Manhattan in Reverse by Peter F. Hamilton
Published by Pan MacMillan, October 2011. Review copy received.
Review by Mark Yon
Before we get started properly, just take a look at that page count. No, that’s not a misprint. Peter’s latest book is about a third to a quarter of the size of his usual blockbusting tome. This is Peter’s second short story collection, the first being A Second Chance At Eden in 1998.
As Peter says in his Introduction, ‘I’m not the most prolific of short story writers’, and this does show here, but the good news is that what we lose in length we gain in a little more variety .
There are seven stories here. The first is one of the longest, Watching Trees Grow, which was first published in 2000 by PS Publishing as a limited edition novella. The last is the titular one, written especially for this book. Inbetween, the other five tales have been published from 2004-2008. The other tales are a little more similar, with themes and ideas often developed in the longer books. The Forever Kitten, is a short tale of less than a thousand words and is about an issue already dealt with in Misspent Youth: the sacrifices needed to obtain near-eternal youth. If at First… is a contemporary police procedural tale with a time-travel twist, that reads a little like Edeard’s time with the militia in the Void series. Blessed by an Angel tells us of the origins of the Higher and Advancer cultures and particular the attempts by the Advancers to infiltrate the Commonwealth.
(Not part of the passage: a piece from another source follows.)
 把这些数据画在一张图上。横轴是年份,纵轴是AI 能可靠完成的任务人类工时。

Footvote, about political voting, is a tale that has been slightly revised to bring it more up to date. More contemporary, it deals with the exodus of the masses to a new planet via a wormhole, though it is actually focused around divorcing parents and their children. It is one of the weaker tales in the collection that hinges on a chance coincidence and limits itself by doing so.
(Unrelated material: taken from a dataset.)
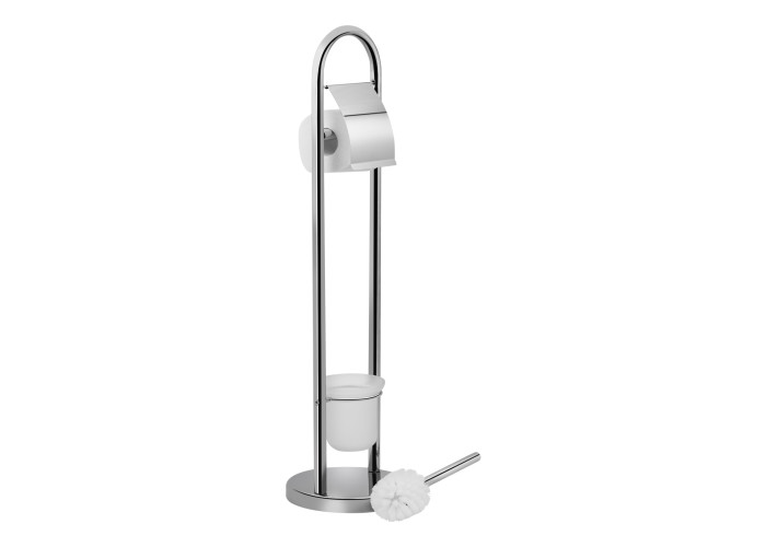 Стійка для аксесуарів Lidz (CRM) 121.05.07 дозволяє компактно з‘єднати ємність для йоржика внизу і тримач для туалетного паперу вгорі. Колба йоржика виконана з матового скла. Металева ручка міцна, не гнеться, зручна у використанні, з вбудованою кришкою, яка запобігає поширенню неприємного запаху завдяки щільному прилягання до колби. Тримач для паперу закритий, що запобігає попаданню бризок і пилу на папір. Хромоване покриття захищає від корозії.

I liked Watching Trees Grow when I first read it in 2000: it’s a murder mystery that starts in the 1800’s but in an alternate Oxford, where extended lifespans are norm and the Roman families still rule through a selective breeding programme. Technology has developed to an amazing degree. In these 1800’s we have electric cars, telephones and (almost) the development of atomic power. In this world we have Edward Buchanan Raleigh investigating the murder of a promising student, and major Family, Justin Ascham Raleigh. It’s written in a first person, whodunit style. Think of it as a combination of Inspector Morse, Agatha Christie and Midsomer Murders, but with an expanding timeline. It impressed me just as much the second time of reading. Interestingly, it also reminded me of the Void series, in that the style is very much like that of the Inigo’s Dream sequences of the Void trilogy. Peter really should write more of this.
Manhattan in Reverse is perhaps the key attraction here, being something Hamilton fans have been wanting for a while. It is a forty-three page stand-alone tale involving super-detective Paula Myo from the Commonwealth and Void series. Rather like a ‘What Paula does on her Vacation’ story, it is more linear than the multi-strand spanning storyline of those series. Though a great tale, I did not enjoy it as much as the other Paula Myo tale in the collection.
This other tale, The Demon Trap, is set in the Commonwealth at the time of Pandora’s Star/Judas Unchained. A terrorist attempt on one of the major Families seems to be an attempt for independence from the Commonwealth by the planet of Merioneth. The protagonist thinks he is innocent and Paula gets on the case to find that the incident is not as straight-forward as it seems to be. It is exciting and fast-paced with enough detail to show intriguing glimpses of the wider Commonwealth: the relationship between the Families and society, Paula’s home planet and the reason for her need to see that justice is seen to be served.
The stories here show many of Peter’s strengths, highlighting key human themes in a variety of different settings in an entertaining way. There are those great ideas, still: super-technology, evolution, planets connected by wormholes, alien biology and habits. However, here the typical widescreen baroque of those larger epic narratives have been replaced by something a little more focused and intimate, but these are still engaging and fun.
If I had to find fault, it would be that as great as the stories here are, in the end the collection feels a little begrudging. It is ‘just’ the stories, which works as both a strength and a weakness. Whilst the stories themselves are good, there was a feeling at the end that there should’ve been something more. Perhaps some little postscripts or footnotes would have added to the book, explaining the origin of the story or what Peter was trying to achieve in the tale. Watching Trees Grow had a great introduction from Larry Niven in the PS edition, for example.
Perhaps more importantly, the biggest weakness is that many of the stories here only have significance if you’ve read Peter’s other books. Though fans of Peter’s other work will enjoy how these stories fit into his own Future History, newcomers to Peter’s work will not get as much enjoyment as those who’ve been here a while.
In summary, this is definitely a book for the fans, but not perhaps the best place to start Peter’s books. It was good to revisit previous Hamilton universes and the Watching Trees Grow novella left me feeling again that I would like to read more stories in the WTG universe.
If you want a book that has all of these tales from different publications in one place, or haven’t read any of these before, then I would recommend this one.